Are you making very large prints? If not, then a 40mp sensor will make little difference, and all lenses will look the same as with a lower res sensor. As I've gone from 4mp to 6mp to 8mp to 12mp to 22mp, my lenses survived every camera upgrade because my usual print size has remained constant, usually not bigger than 11x14". I think 40+ mp will make a difference for people who print very large.


----------



## ahab1372 (Dec 16, 2012)

Zlatko said:


> Are you making very large prints? If not, then a 40mp sensor will make little difference, and all lenses will look the same as with a lower res sensor. As I've gone from 4mp to 6mp to 8mp to 12mp to 22mp, my lenses survived every camera upgrade because my usual print size has remained constant, usually not bigger than 11x14". I think 40+ mp will make a difference for people who print very large.


Or for those who always shoot widest angle and worry about composition in PP


----------



## AmbientLight (Dec 16, 2012)

Not claiming to know everything (and even before it appears on the market) I kind of refrain from putting exact numbers on this case.
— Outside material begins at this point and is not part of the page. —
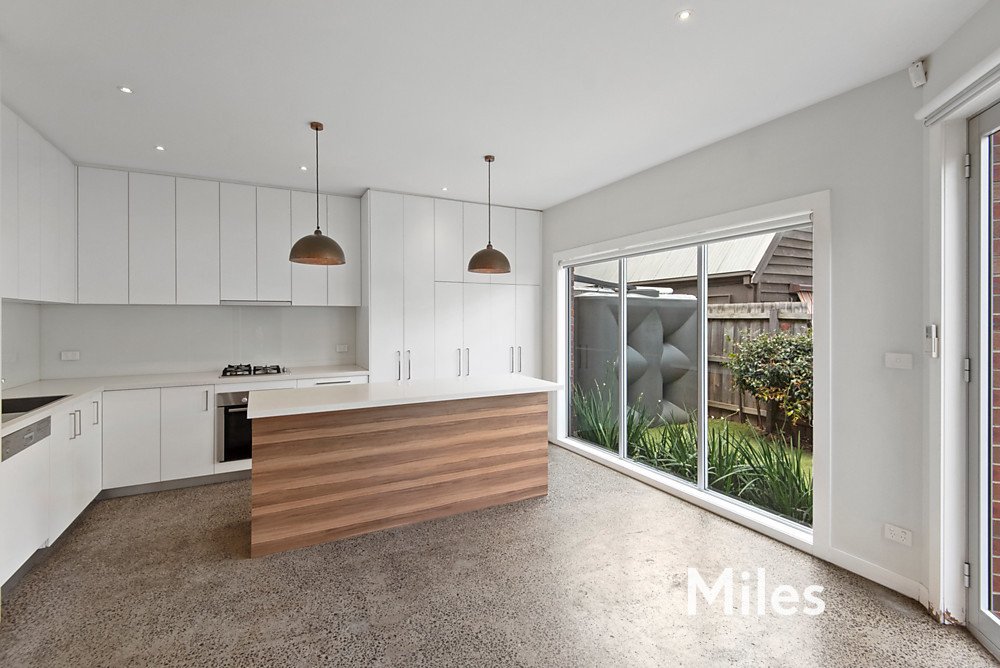 Downstairs offers loads of natural light with kitchen / dining area opening to a private courtyard. Kitchen features polished concrete floor, stone benchtops, gas cooktop, electric oven, dishwasher, split system and ample storage. The living room has polished flooring and split system plus a downstairs powder room.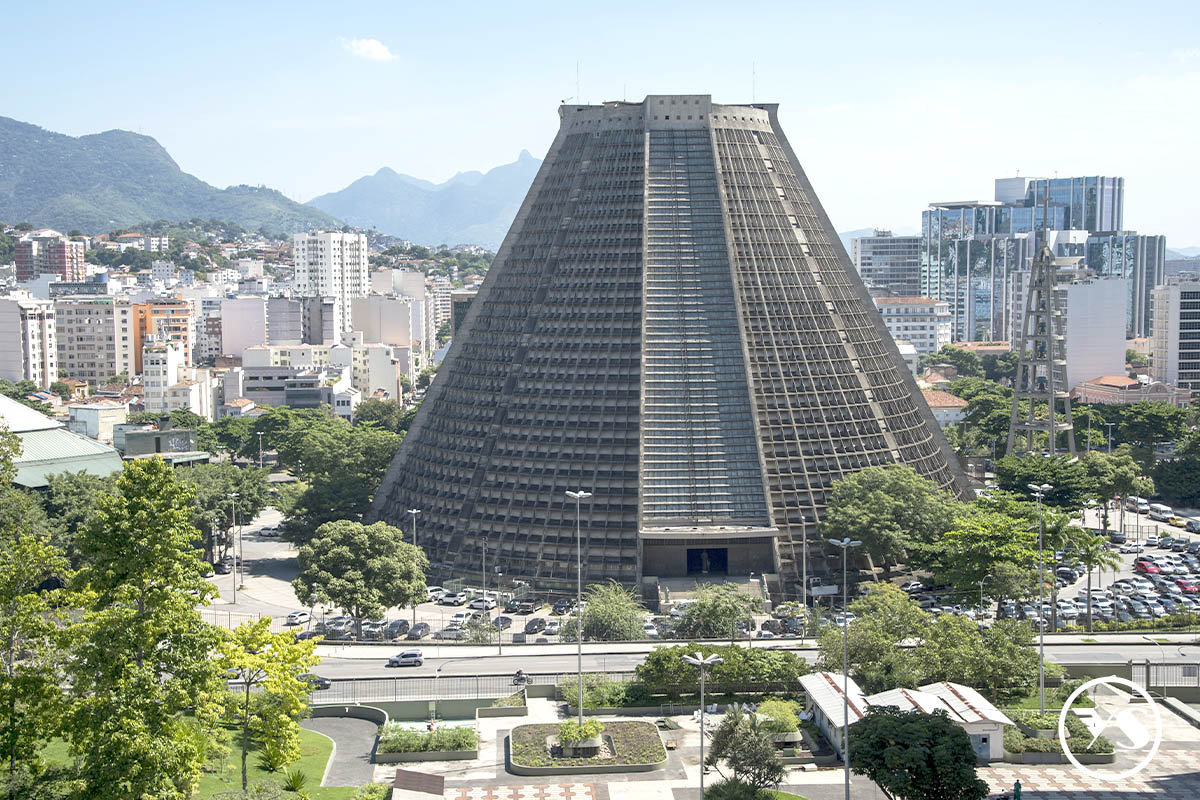 繼續前行,我們將到達聖塞巴斯蒂安大都會教堂Catedral Metropolitana,它是一座金字塔形的建築,內徑96米,高80米。是位於巴西里約熱內盧的一座現代風格的教堂。 這座教堂以其獨特的圓錐形外觀、由規則方框構成的「天梯」造型而聞名,並因其內部壯觀的彩色玻璃和巨大的耶穌像而吸引眾多遊客。 它於1964年至1979年間建成,是里約熱內盧天主教總教區的主教座堂,紀念該市的守護聖人聖塞巴斯蒂安。

Nevertheless I am convinced that it is quite correct to state that most current lenses and also the better older lenses can be used with what appears today to be very high MP bodies, such as the rumoured 46 MP body.
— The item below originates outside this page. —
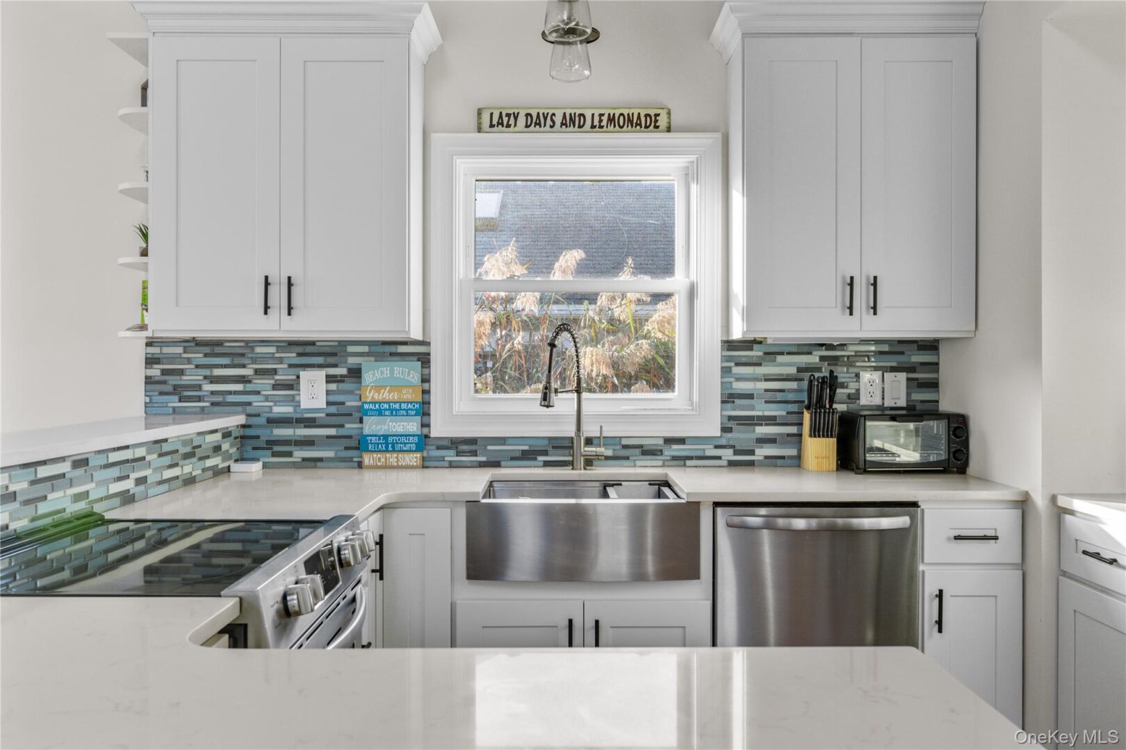 Ocean Beach home for Sale on Fire Island, NY – Move Right In! This charming Ocean Beach home for sale was completely renovated in 2021. Spacious and open great room, perfect for entertaining. Brand new kitchen with white cabinetry, stainless steel appliances, quartz countertops, breakfast bar and dining area. Hallway leads to three guest bedrooms, full bathroom and one primary suite with private bathroom. Ductless units in every bedroom and great room provide both AC & Heat. Outdoor entertaining is made easy with spacious deck, grill, and outdoor lounge set. Private outdoor shower on rear of wraparound deck, where you can also find extra storage closet & washer/dryer. Use this home for sale on Fire Island in Ocean Beach as an excellent rental investment or make it your home away from home! Conveniently close to ferry, shopping & dining. Only a 7 minute walk down to the beach! Schedule your showing today.

I expect serious problems to appear only in case of compromise designs, for example cheap super-zoom lenses, which are likely to be used out-of-context of what they had been designed for. You will also be more likely to see defects/errors in other designs doing pixel-peeping, but related to the end product (a picture) what would be the point? Walls/prints/screens won't magically become larger, only crops in photos will contain more detail. That doesn't necessarily force us to crop from a corner of a lens with noticeable corner distortion and there are correction possibilities in post-processing, too, so I don't see old lenses going bad all of a sudden. We will just be more susceptible to buying better lenses, because we will be able to see the difference with increased clarity.


----------